::: Given information

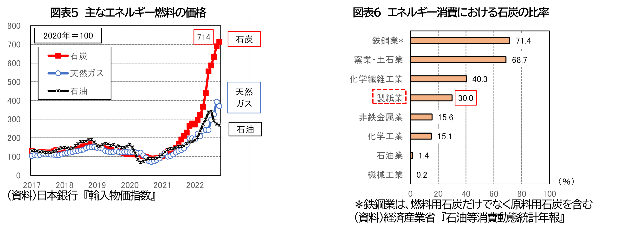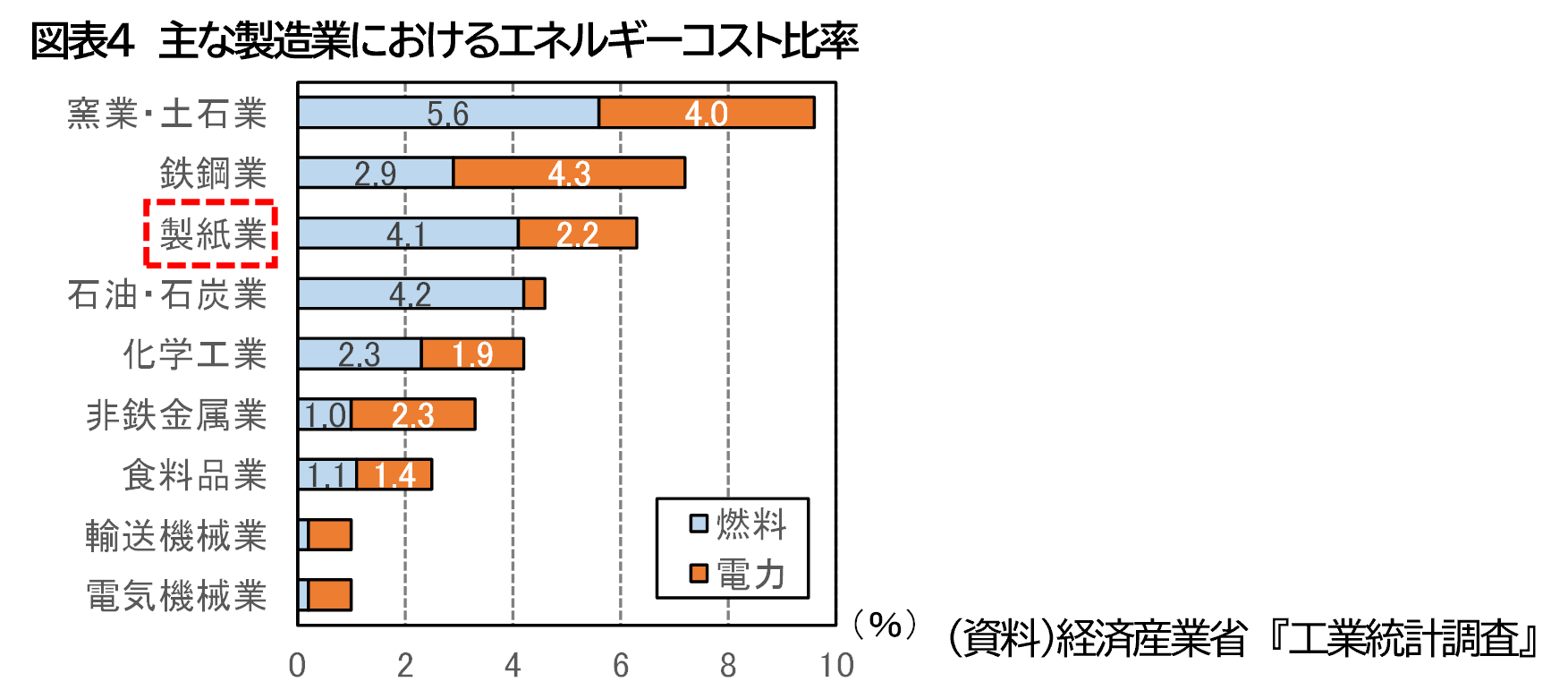 図表4は、主な製造業におけるエネルギーコストの負担度合いを比較するため、生産額に占めるエネルギーコストの比率を並べたものである。これをみると、営業利益の減少率が最も大きかった製紙業の同比率6.3%(燃料4.1%+電力2.2%)は、窯業・土石業の同9.6%(燃料5.6%+電力4.0%)、鉄鋼業の同7.2%(燃料2.9%+電力4.3%)に次ぐ3番目に高い水準である。
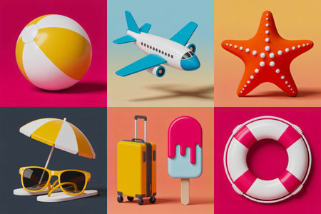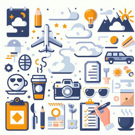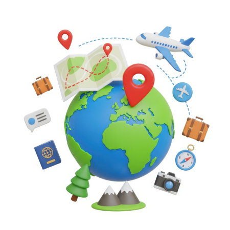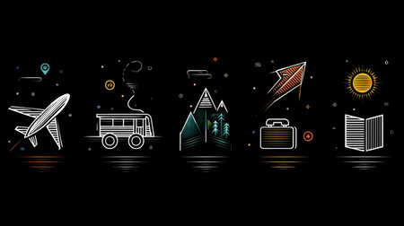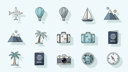 A set of minimal floating icons depicts travel elements like transport, destinations, and scenery, ideal for your planning needs.
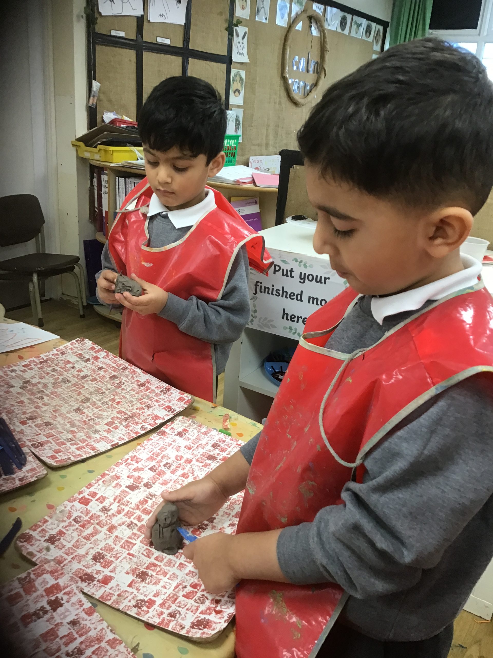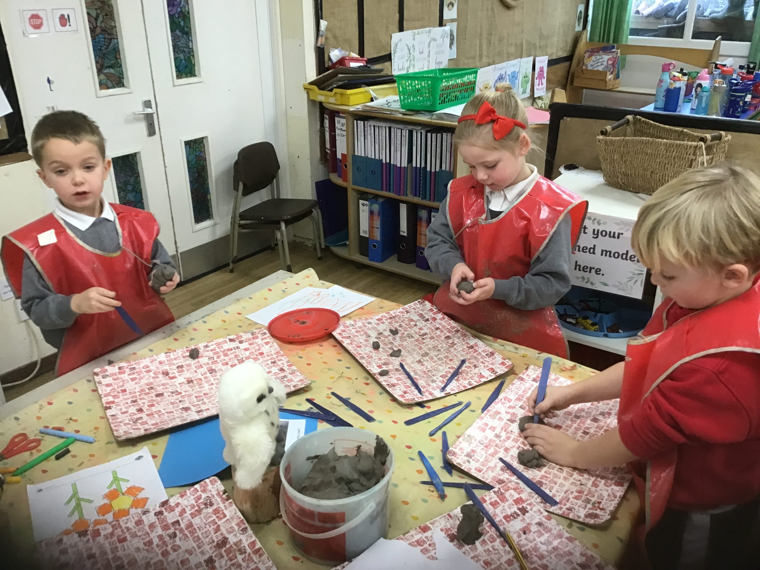 The children have looked carefully at the features of an owl and created some amazing clay sculptures, paintings, and crayon pictures.

::::::

What the exercise asks
Only the listing above, set down exactly and without pictures, belongs in the answer.

Completed exercise
 図表4は、主な製造業におけるエネルギーコストの負担度合いを比較するため、生産額に占めるエネルギーコストの比率を並べたものである。これをみると、営業利益の減少率が最も大きかった製紙業の同比率6.3%(燃料4.1%+電力2.2%)は、窯業・土石業の同9.6%(燃料5.6%+電力4.0%)、鉄鋼業の同7.2%(燃料2.9%+電力4.3%)に次ぐ3番目に高い水準である。
 A set of minimal floating icons depicts travel elements like transport, destinations, and scenery, ideal for your planning needs.
 The children have looked carefully at the features of an owl and created some amazing clay sculptures, paintings, and crayon pictures.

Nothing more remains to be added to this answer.